═══ INPUT

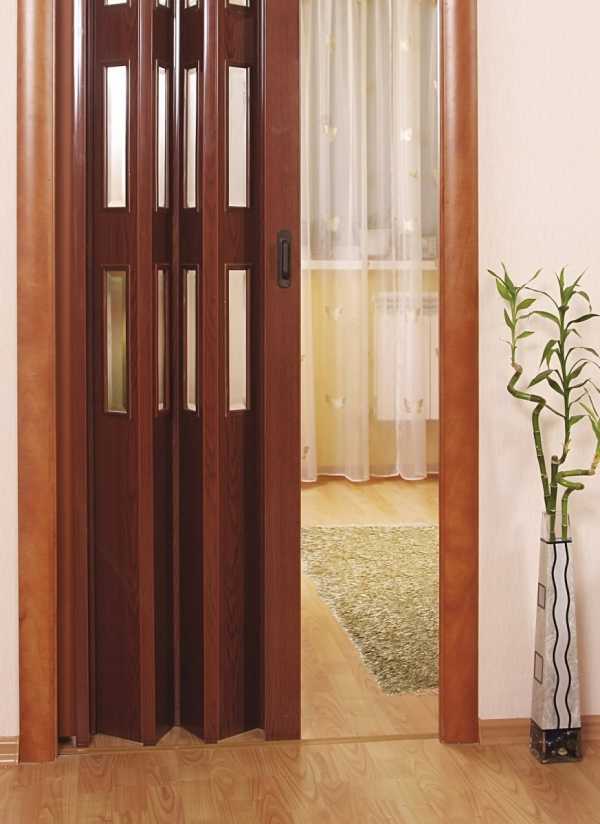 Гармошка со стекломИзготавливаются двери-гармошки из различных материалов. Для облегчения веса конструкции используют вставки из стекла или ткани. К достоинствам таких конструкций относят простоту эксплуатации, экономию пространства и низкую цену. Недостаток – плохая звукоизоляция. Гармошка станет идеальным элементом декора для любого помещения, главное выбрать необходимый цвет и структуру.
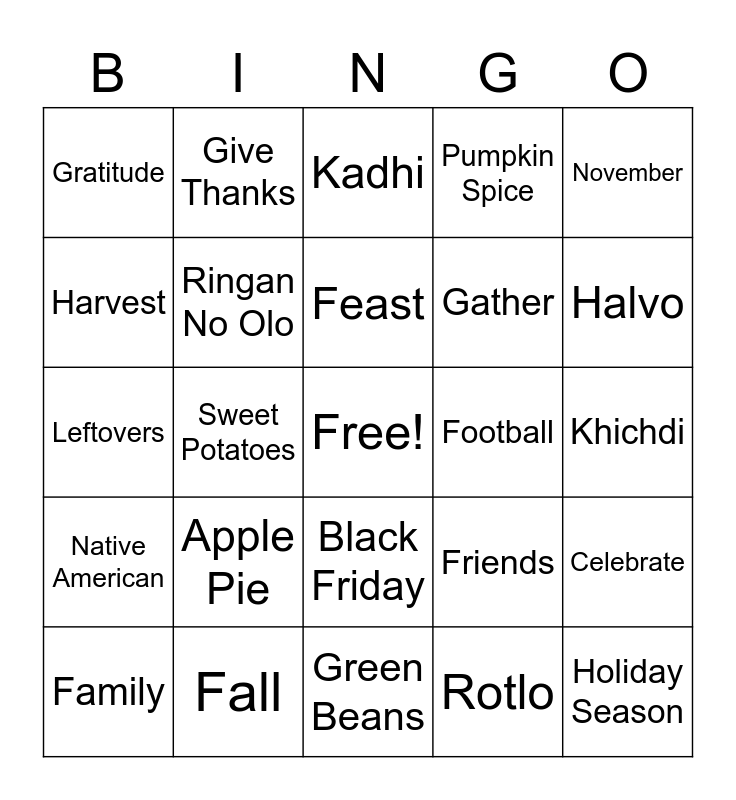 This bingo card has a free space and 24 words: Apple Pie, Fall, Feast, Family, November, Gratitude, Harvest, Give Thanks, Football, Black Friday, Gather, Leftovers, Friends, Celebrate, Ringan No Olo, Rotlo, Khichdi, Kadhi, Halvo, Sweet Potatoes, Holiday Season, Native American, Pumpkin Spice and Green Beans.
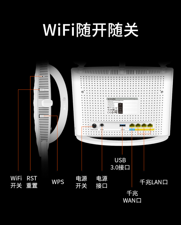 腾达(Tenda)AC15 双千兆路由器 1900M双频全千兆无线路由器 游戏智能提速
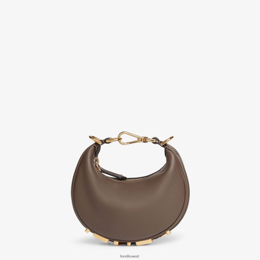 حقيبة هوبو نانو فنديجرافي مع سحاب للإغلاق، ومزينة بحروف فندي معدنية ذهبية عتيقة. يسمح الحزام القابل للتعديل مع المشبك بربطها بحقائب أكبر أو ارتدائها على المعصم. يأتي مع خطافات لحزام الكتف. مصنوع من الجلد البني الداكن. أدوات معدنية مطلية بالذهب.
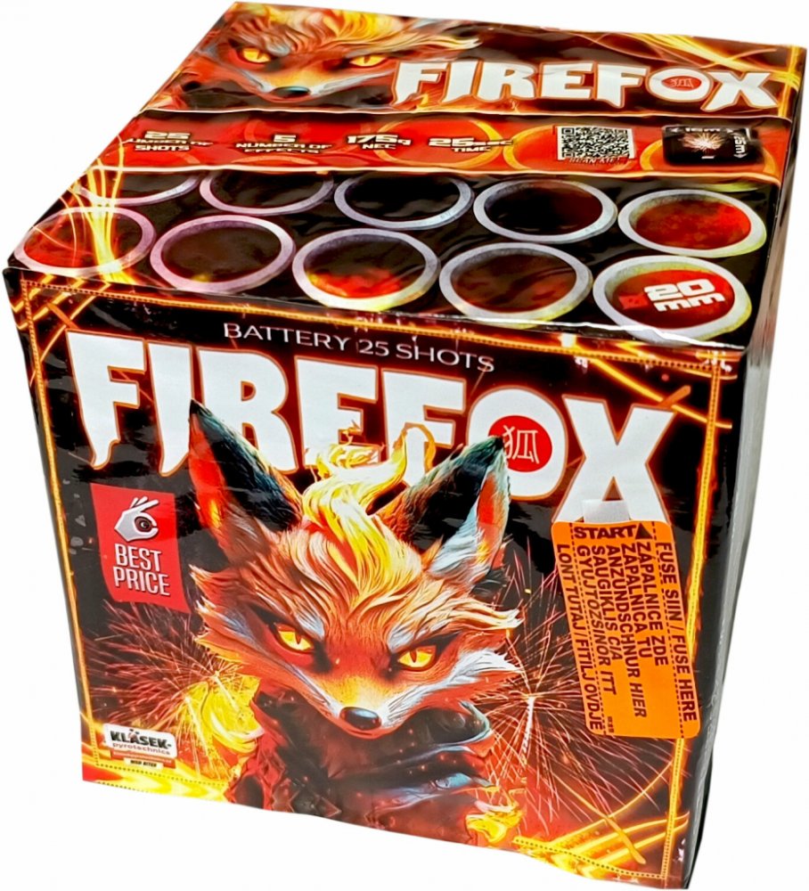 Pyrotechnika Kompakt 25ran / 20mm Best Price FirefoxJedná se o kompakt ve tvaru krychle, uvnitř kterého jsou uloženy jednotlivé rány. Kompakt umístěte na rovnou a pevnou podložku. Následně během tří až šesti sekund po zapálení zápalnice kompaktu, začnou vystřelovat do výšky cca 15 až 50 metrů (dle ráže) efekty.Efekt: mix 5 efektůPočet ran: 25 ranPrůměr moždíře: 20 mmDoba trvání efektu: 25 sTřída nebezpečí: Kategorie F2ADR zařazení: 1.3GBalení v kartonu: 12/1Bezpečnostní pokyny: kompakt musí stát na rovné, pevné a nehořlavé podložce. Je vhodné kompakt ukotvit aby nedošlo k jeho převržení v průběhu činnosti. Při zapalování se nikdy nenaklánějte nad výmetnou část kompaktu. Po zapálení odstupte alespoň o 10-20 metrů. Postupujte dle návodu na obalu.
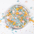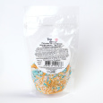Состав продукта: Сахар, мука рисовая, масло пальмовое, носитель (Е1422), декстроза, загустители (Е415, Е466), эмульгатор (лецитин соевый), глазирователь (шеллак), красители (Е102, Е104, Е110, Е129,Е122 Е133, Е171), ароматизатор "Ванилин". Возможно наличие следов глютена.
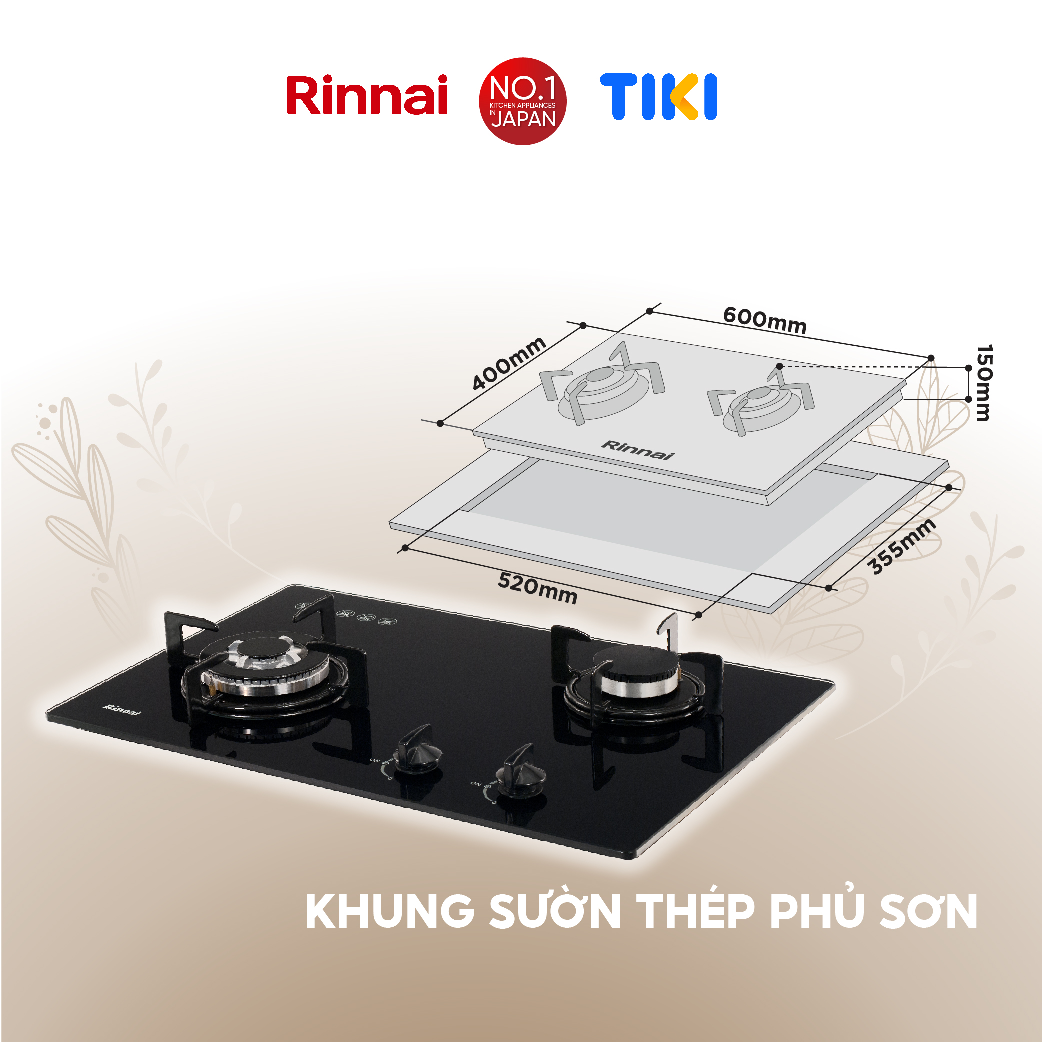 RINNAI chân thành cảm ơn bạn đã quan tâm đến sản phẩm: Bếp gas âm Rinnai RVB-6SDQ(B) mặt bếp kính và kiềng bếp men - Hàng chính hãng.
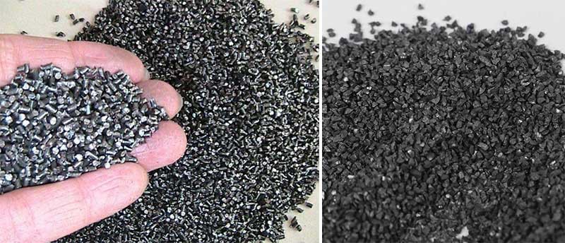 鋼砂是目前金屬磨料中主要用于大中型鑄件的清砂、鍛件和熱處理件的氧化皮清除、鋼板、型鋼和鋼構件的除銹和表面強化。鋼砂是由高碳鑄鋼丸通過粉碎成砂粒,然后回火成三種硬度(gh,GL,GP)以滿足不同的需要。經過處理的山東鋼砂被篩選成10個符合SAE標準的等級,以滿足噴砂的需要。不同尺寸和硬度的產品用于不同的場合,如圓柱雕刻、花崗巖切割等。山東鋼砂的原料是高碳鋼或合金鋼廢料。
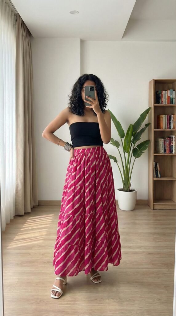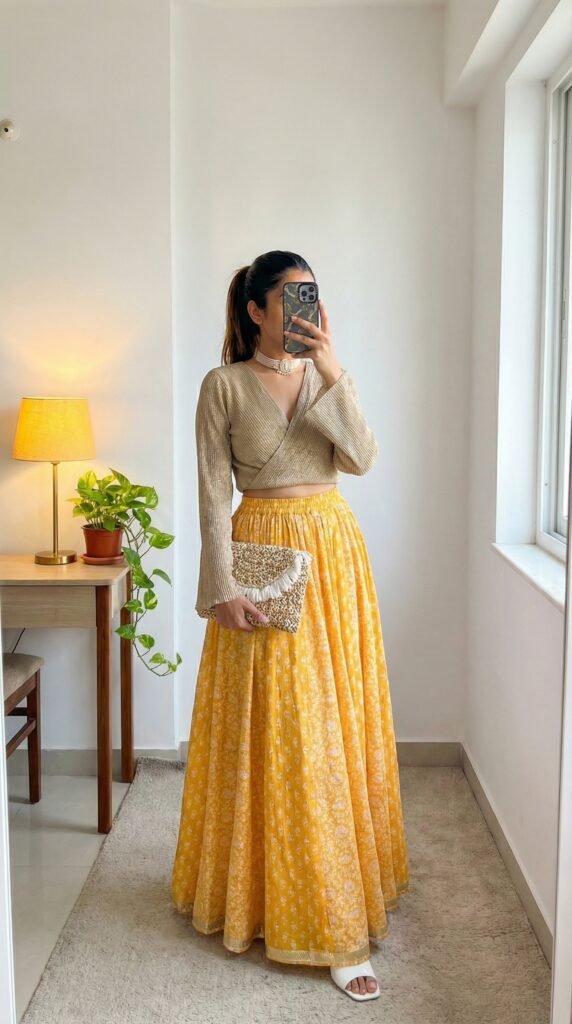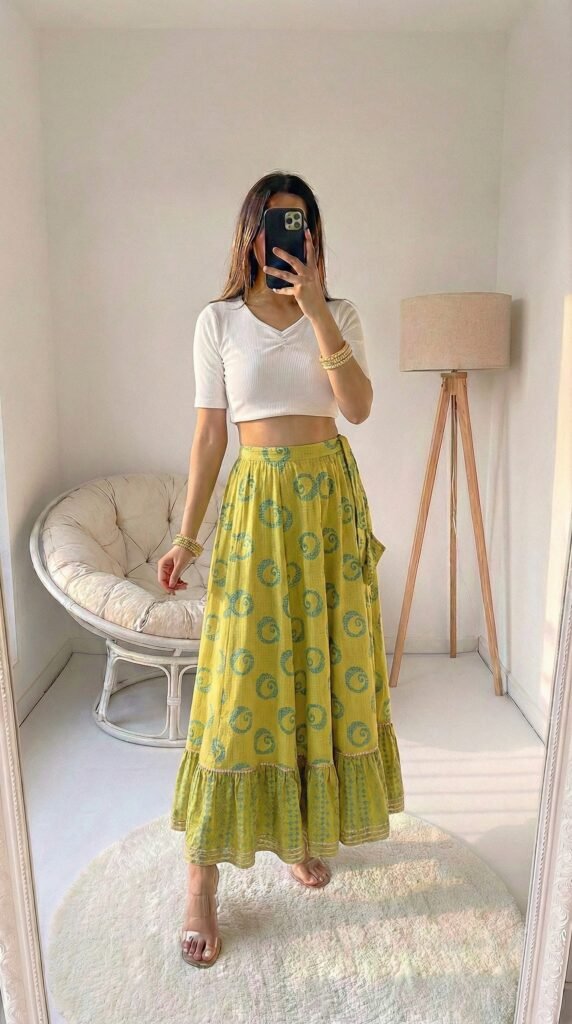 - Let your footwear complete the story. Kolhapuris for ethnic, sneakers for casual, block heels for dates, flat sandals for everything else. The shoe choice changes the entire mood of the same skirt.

══════

WORK TO BE COMPLETED:
Can you quote exactly, and only, the lines from the one containing "腾达(Tenda)AC15 双千兆路由器 1900M双频全千兆无线路由器 游戏智能提速" through the last line of the records above, keeping both ends and leaving out any pictures?

TASK ANSWER:
 腾达(Tenda)AC15 双千兆路由器 1900M双频全千兆无线路由器 游戏智能提速
 حقيبة هوبو نانو فنديجرافي مع سحاب للإغلاق، ومزينة بحروف فندي معدنية ذهبية عتيقة. يسمح الحزام القابل للتعديل مع المشبك بربطها بحقائب أكبر أو ارتدائها على المعصم. يأتي مع خطافات لحزام الكتف. مصنوع من الجلد البني الداكن. أدوات معدنية مطلية بالذهب.
 Pyrotechnika Kompakt 25ran / 20mm Best Price FirefoxJedná se o kompakt ve tvaru krychle, uvnitř kterého jsou uloženy jednotlivé rány. Kompakt umístěte na rovnou a pevnou podložku. Následně během tří až šesti sekund po zapálení zápalnice kompaktu, začnou vystřelovat do výšky cca 15 až 50 metrů (dle ráže) efekty.Efekt: mix 5 efektůPočet ran: 25 ranPrůměr moždíře: 20 mmDoba trvání efektu: 25 sTřída nebezpečí: Kategorie F2ADR zařazení: 1.3GBalení v kartonu: 12/1Bezpečnostní pokyny: kompakt musí stát na rovné, pevné a nehořlavé podložce. Je vhodné kompakt ukotvit aby nedošlo k jeho převržení v průběhu činnosti. Při zapalování se nikdy nenaklánějte nad výmetnou část kompaktu. Po zapálení odstupte alespoň o 10-20 metrů. Postupujte dle návodu na obalu.
Состав продукта: Сахар, мука рисовая, масло пальмовое, носитель (Е1422), декстроза, загустители (Е415, Е466), эмульгатор (лецитин соевый), глазирователь (шеллак), красители (Е102, Е104, Е110, Е129,Е122 Е133, Е171), ароматизатор "Ванилин". Возможно наличие следов глютена.
 RINNAI chân thành cảm ơn bạn đã quan tâm đến sản phẩm: Bếp gas âm Rinnai RVB-6SDQ(B) mặt bếp kính và kiềng bếp men - Hàng chính hãng.
 鋼砂是目前金屬磨料中主要用于大中型鑄件的清砂、鍛件和熱處理件的氧化皮清除、鋼板、型鋼和鋼構件的除銹和表面強化。鋼砂是由高碳鑄鋼丸通過粉碎成砂粒,然后回火成三種硬度(gh,GL,GP)以滿足不同的需要。經過處理的山東鋼砂被篩選成10個符合SAE標準的等級,以滿足噴砂的需要。不同尺寸和硬度的產品用于不同的場合,如圓柱雕刻、花崗巖切割等。山東鋼砂的原料是高碳鋼或合金鋼廢料。
 - Let your footwear complete the story. Kolhapuris for ethnic, sneakers for casual, block heels for dates, flat sandals for everything else. The shoe choice changes the entire mood of the same skirt.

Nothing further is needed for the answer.